A Confraria de S. Brás é constituída por 15 elementos, mas “não há quem queira organizar a festa”, confidenciou Jorge Lopes, um dos membros da confraria. E lamentou: “a juventude não quer saber. O normal é a equipa mudar de três em três anos. Mas eu já estou há 11 anos, mas há quem esteja há mais tempo. Ninguém quer tomar conta e ter trabalho”.

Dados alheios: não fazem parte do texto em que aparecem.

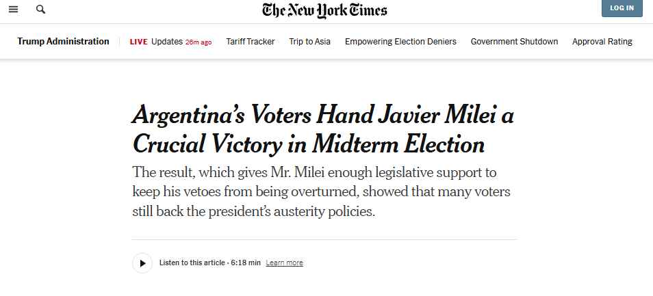 Los resultados fueron calificados como una “una victoria enfática para Milei” que refuerza su mandato: “Su partido recibió cerca del 40 por ciento de los votos, lo que muestra que, a pesar del dolor infligido por sus medidas de austeridad, muchos argentinos siguen dispuestos a respaldar su experimento libertario”. Sin embargo, el artículo también destaca la baja concurrencia de votantes, al señalar correctamente que el domingo 26 arrojó “la participación más baja en una elección nacional desde el retorno de la democracia en 1983”.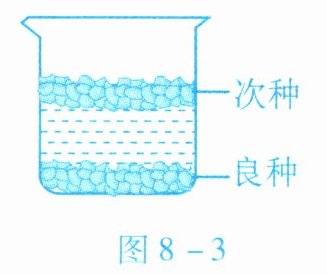 8. 如图8-3所示,盐水选种是我国农民常采用的选种方法,但盐水浓度的把握是关键,如果盐水的浓度太低,则可能(

Os elementos da confraria aproveitaram a festa para inscrever irmãos de S. Brás. “Quem quiser ser irmão tem direito a três missas, a do funeral, a de sétimo dia e a de um mês de falecimento, além disso, a confraria acompanha a cerimónia no dia do funeral”, explicou Jorge Lopes, sublinhando que os ‘irmãos’ não têm que ser apenas da freguesia de Gualtar.
Para se ser ‘irmão’ de S. Brás “as pessoas até aos 30 anos pagam 20 euros, dos 31 aos 50 têm que contribuir com 30 euros e a partir dos 51 os ‘irmãos’ pagam 50 euros”, informou aquele res- ponsável.

O ‘ponto alto’ da festa em honra do advogado da garganta foi ontem a eucaristia na capela de S. Brás. E, durante o sermão, o pregador falou do exemplo de fé que deixou. “S. Brás nasceu na Arménia e formou-se em Medicina, mas passado pouco tempo deixou a profissão e entregou-se a Deus na oração e penitência”, lembrou o padre.

E continuou: “S. Brás foi nomeado bispo e, ainda, encontrava tempo para se dedicar aos pobres e aos doentes, mas a sua vida não foi sempre um caminhar num tapete de flores”, até porque o santo acabou perseguido, torturado e degolado. “S. Brás foi um homem de fé e soube combater até ao fim o bom combate da fé”.

Hoje são muitos os cristãos que acodem a S. Brás quando estão mal da garganta. E o padre deixou o apelo: “S. Brás quer algo mais de nós. Não é só para ser advogado e protector”.

Entre castanhas e rebuçados

Felisbela Penha era uma das muitas vendedoras de castanhas que estavam no adro da capela de S. Brás, em Gualtar. “Vende-se castanhas até ao S. João. Na festa das Cruzes ainda se vende muita castanha”, contou a vendedora, queixando-se do “mau negócio”. Pela terceira vez tentou a ‘sorte’ no S. Brás de Gualtar. “As pessoas perguntam quanto custa o cartucho e acabam por pedir apenas uma castanha para dar à criança. Não se vende nada”, confidenciou Felisbela, garantindo que as castanhas que vende “são de boa qualidade”.
Ainda no adro da capela, o ‘Correio do Minho’ falou com Maria do Céu, que vendia os rebuçados de S. Brás. “Toda a gente compra os rebuçados do santo feitos com água e açúcar”, admitiu a vendedora. Mas, para além dos rebuçados, na banca de Maria do Céu não faltavam as gomas e os chocolates para delírio dos mais novos.

Dos doces de romaria até ao fumeiro

No adro da capela em Gualtar não faltavam, como não podia deixar de ser, as vendedoras dos doces de romaria. Todas tentavam vender, mas o negócio não parecia correr pelo melhor a ter em conta os comentários. “Com tanto desemprego não há dinheiro e as pessoas não compram doces”, assegurou Lucinda Gonçalves, que só tentou fazer negócio ontem.
Mais à frente, o ‘Correio do Minho’ falou com Priscila Monteiro que estava a vender fumeiro regional de Lamego. Entre presunto, chouriça, queijo e pão, Priscila admitiu que o que vendia mais era, sem dúvida, o pão e o presunto. “Ainda é muito cedo para falar do negócio, mas normalmente as pessoas acabam sempre por comprar o nosso presunto e o pão”, frisou Priscila Monteiro, que já está habituada a andar pelas romarias de aldeia em aldeia.